When I read the proofs, I find myself seeing the prose, the characters, and the plot differently than I did in the midst of working on the book. But most of all, reading THE LAST WORD, I was aware of a pace and rythmn to the story that I definitely didn’t feel while I was writing it in bits and pieces, at different times and in different places (L.A., Germany, Palm Springs… and at my desk, on airplanes, in hotel rooms, in waiting rooms, in my car, etc.)

The term "proofs" has a double-meaning to me. Holding the proofs, I have evidence to convince myself that what I wrote is actually a book…it’s the first time the story feels like a book to me instead of work.

Race Track Romance

HelenKay Dimon reports that Harlequin is releasing a line of  NASCAR-themed romance novels in February for women who get hot thinking about race car drivers.

The introductory titles are by Gina Wilkins, Nancy Warren, Debra Webb
and Roxanne St. Clair. The series will consist of four titles every
three months (release dates in February, May, August and November). For
the mathematically challenged – and you know who you are – that’s
sixteen NASCAR titles a year. As I’ve said before, those are likely
sixteen titles per year I won’t read.

Just imagine all the inventive racing metaphors for sex we’re going to see…and clever uses of the words "stick shift."

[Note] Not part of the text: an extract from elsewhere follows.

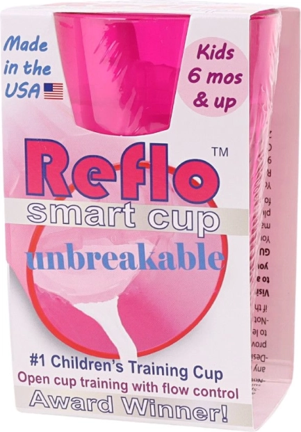 Rožinis Reflo mokomasis puodelis padeda vaikams nuo 6 mėn. saugiai išmokti gerti iš atviro puodelio. Dėl srauto reguliavimo sumažinama išsiliejimo rizika, nedūžtantis dizainas puikiai tinka namuose ir kelionėse, o kompaktiškas 170 ml tūris idealiai telpa į vaiko ranką. Pagaminta JAV, atitinka EN 14350.

Forget NASCAR.  I’m waiting for Harlequin to launch the Home & Garden Channel line of romances, where women fall madly in love with hunky guys who never tire of visiting open houses and remodeling homes. My wife will be first in line to buy them.

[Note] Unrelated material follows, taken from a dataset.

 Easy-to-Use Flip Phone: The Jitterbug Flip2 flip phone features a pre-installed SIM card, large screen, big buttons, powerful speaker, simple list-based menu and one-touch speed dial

Ken Levine Is Having Lunch With Everyone

My friend Ken Levine has posted a very funny "hypothetical" rejection letter for a spec 24 script. Among the comments:

When the CTU staff learns that Jack’s daughter Kim has been kidnapped
you have them all cheering. I don’t think they would do that. They
would merely smile knowingly to each other.

I had great lunch with Ken last week. We spent three hours sharing anecdotes about TV and blogging. He also had lunch last week with TV critic Alan Sepinwall, who seems to have had as much fun with Ken as I did. You should visit Ken’s blog. It’s just like having lunch with him, only without the food.

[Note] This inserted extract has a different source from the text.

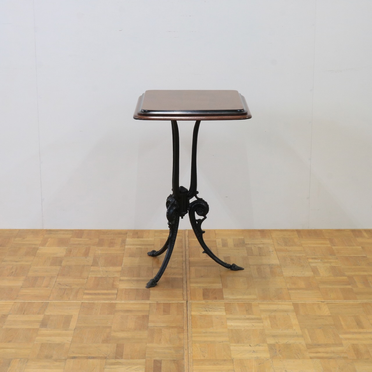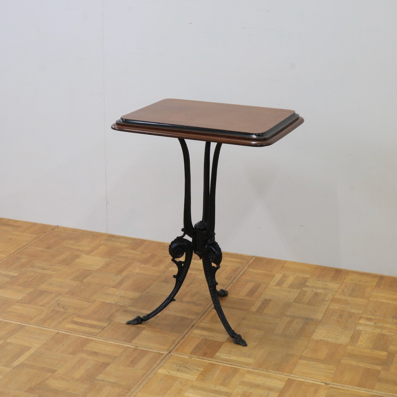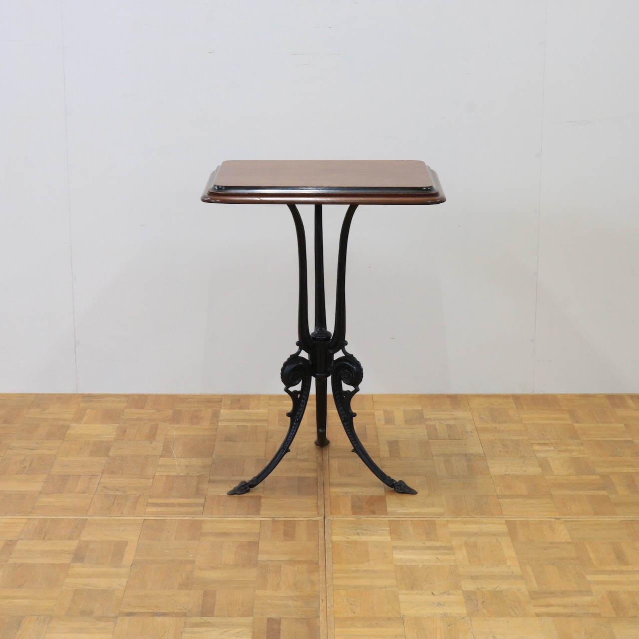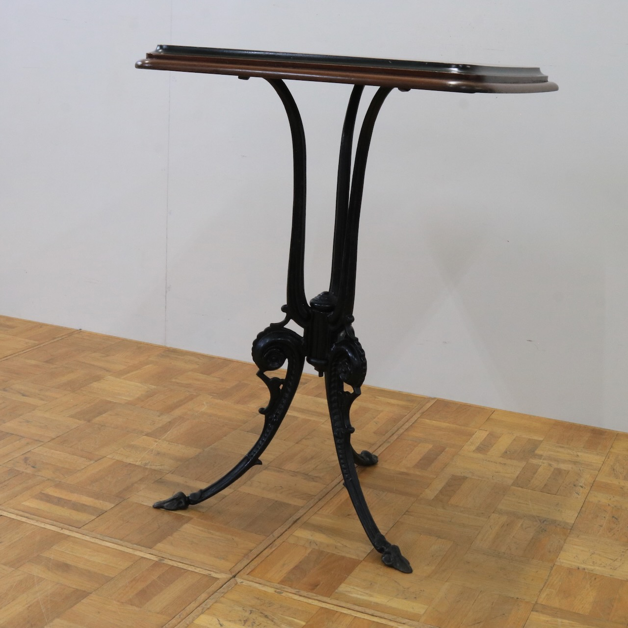 配送料の目安 ▶︎1910年代、マホガニー材のパブテーブル。アイアン製の脚はスクロールした植物紋様のようなデザインになっています。お天気のいい日にはお庭でティータイムを楽しむのもいいですね。

Get Off Your Lazy Ass and Write Ten Books This Year

James_reasoner
Some people think Robert B. Parker is prolific. Well, he’s got nothing on James Reasoner, who today finished writing his 200th book:

When I started out in this business, I didn’t know how many books I’d be able to write, of course, let alone how many I
could sell. I thought fifty would be a lot. That goal got revised
upward to 100, then 150. Now I don’t really worry about things like
that anymore. I’m just going to write until I can’t anymore.
[…] I looked back in my records and discovered that it took me seventeen and
a half years to write my first hundred books. The second hundred took
ten and a half years. No wonder it seems like I’ve been busy lately.

And somehow he still found time amidst all that non-stop writing to see movies, eat meals, go to the bathroom, sleep at night, and be a judge for the International Assocation of Media Tie-In Writers‘ first annual Scribe Awards. I wonder what happens to him when he’s around Kryptonite.

I thought writing four books a year was hard (which is why I’m not doing that any more). I didn’t realize I had it easy. James can write that many books in his sleep. Literally.